EXERCISE GOAL:
Write out again the lines from the line with "M Bust: 128cm" up to and including the line with "Villorna är utformade", exactly as they stand below, and skip any picture.

DATA SHOWN:
== Segment start ==

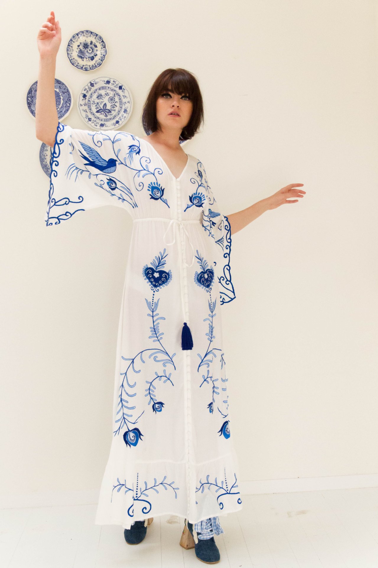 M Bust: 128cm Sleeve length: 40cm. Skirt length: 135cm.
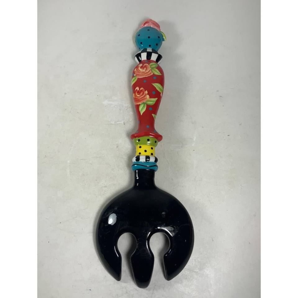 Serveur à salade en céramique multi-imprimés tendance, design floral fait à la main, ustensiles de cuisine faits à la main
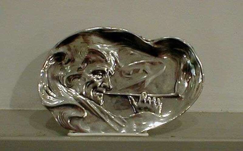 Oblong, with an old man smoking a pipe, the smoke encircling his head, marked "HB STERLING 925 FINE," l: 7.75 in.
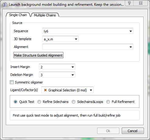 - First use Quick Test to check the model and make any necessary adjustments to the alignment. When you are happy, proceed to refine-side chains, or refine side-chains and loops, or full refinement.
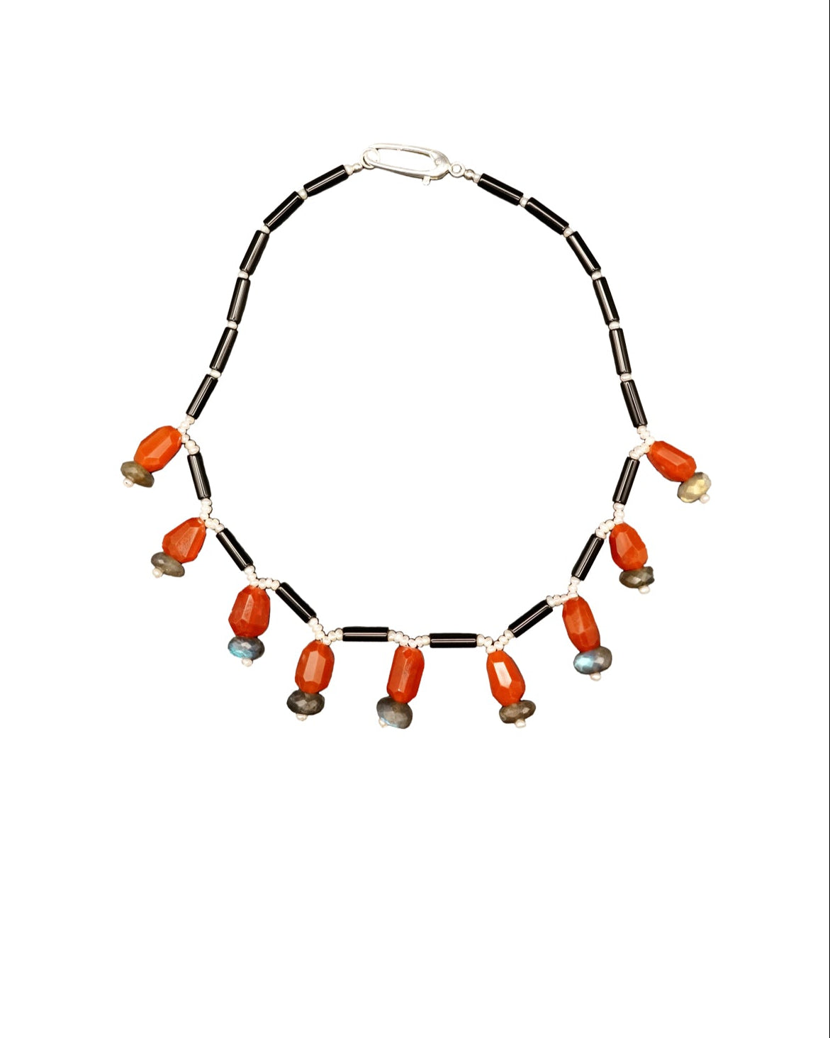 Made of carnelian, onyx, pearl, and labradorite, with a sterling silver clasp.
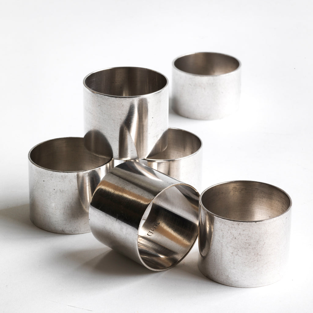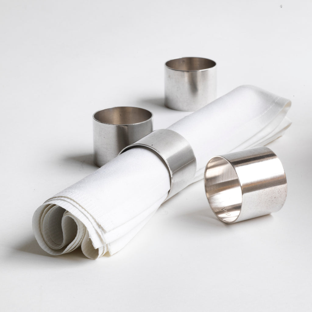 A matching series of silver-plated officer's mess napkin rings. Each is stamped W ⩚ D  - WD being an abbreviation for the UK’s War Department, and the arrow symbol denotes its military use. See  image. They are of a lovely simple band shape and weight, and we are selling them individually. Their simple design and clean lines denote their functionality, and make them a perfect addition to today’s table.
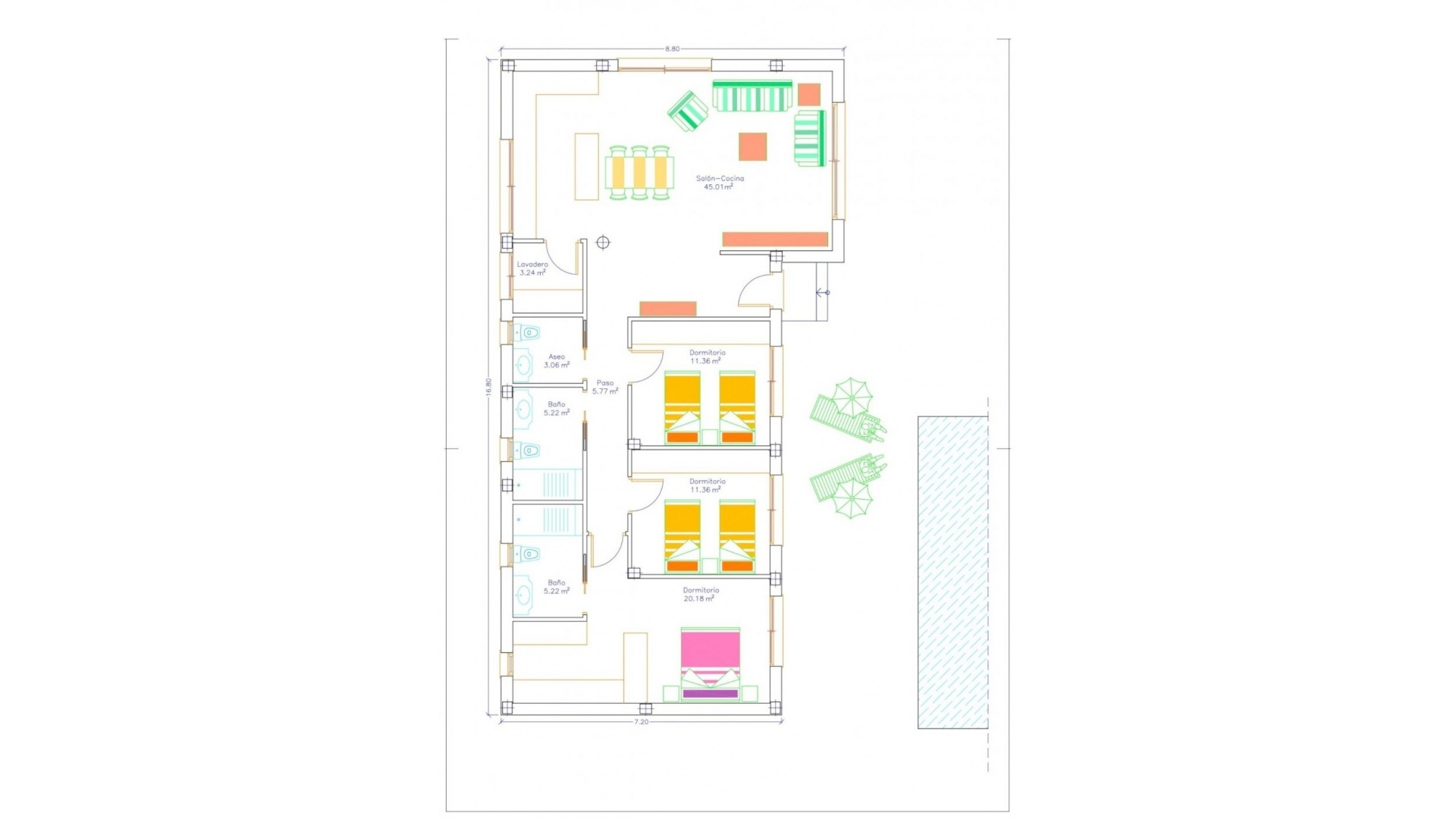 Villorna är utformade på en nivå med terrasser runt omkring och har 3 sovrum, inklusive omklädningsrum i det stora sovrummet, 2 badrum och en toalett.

== Segment end ==
== Segment start ==

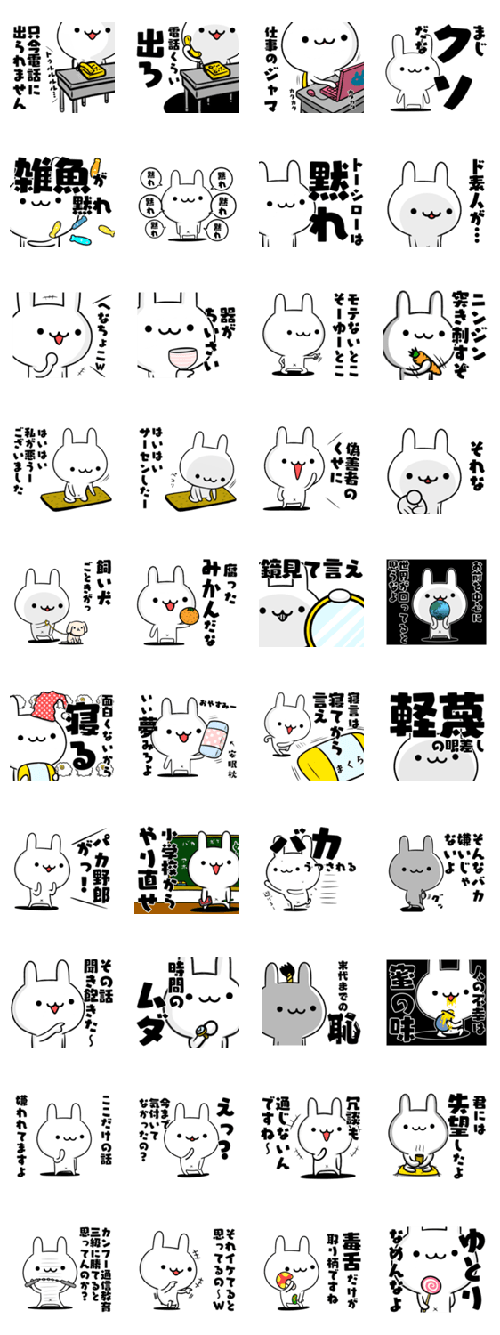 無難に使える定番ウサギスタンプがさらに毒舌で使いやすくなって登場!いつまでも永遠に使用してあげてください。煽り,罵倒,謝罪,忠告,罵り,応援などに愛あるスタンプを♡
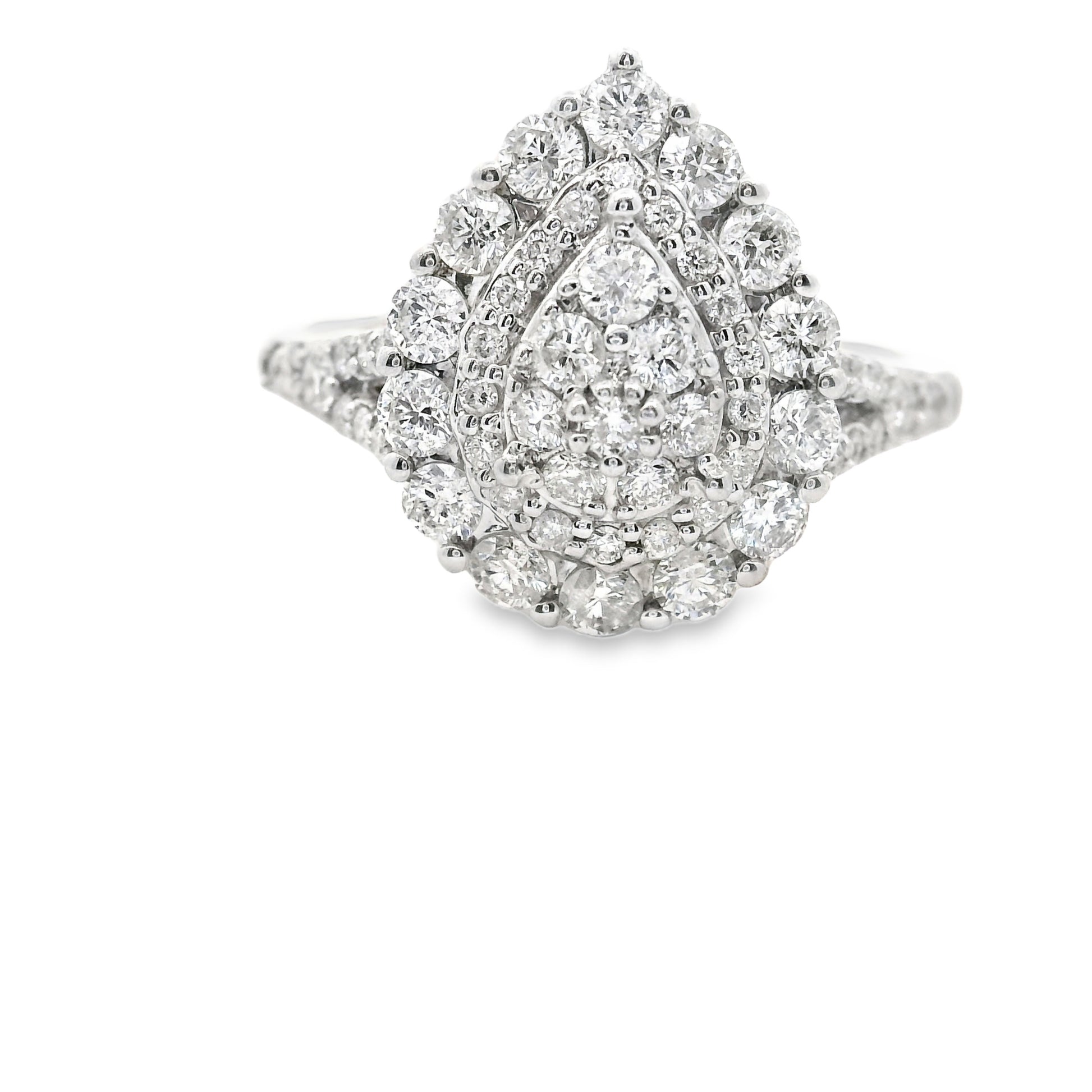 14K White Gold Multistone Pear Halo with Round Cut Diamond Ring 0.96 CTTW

== Segment end ==

WORKED SOLUTION:
 M Bust: 128cm Sleeve length: 40cm. Skirt length: 135cm.
 Serveur à salade en céramique multi-imprimés tendance, design floral fait à la main, ustensiles de cuisine faits à la main
 Oblong, with an old man smoking a pipe, the smoke encircling his head, marked "HB STERLING 925 FINE," l: 7.75 in.
 - First use Quick Test to check the model and make any necessary adjustments to the alignment. When you are happy, proceed to refine-side chains, or refine side-chains and loops, or full refinement.
 Made of carnelian, onyx, pearl, and labradorite, with a sterling silver clasp.
 A matching series of silver-plated officer's mess napkin rings. Each is stamped W ⩚ D  - WD being an abbreviation for the UK’s War Department, and the arrow symbol denotes its military use. See  image. They are of a lovely simple band shape and weight, and we are selling them individually. Their simple design and clean lines denote their functionality, and make them a perfect addition to today’s table.
 Villorna är utformade på en nivå med terrasser runt omkring och har 3 sovrum, inklusive omklädningsrum i det stora sovrummet, 2 badrum och en toalett.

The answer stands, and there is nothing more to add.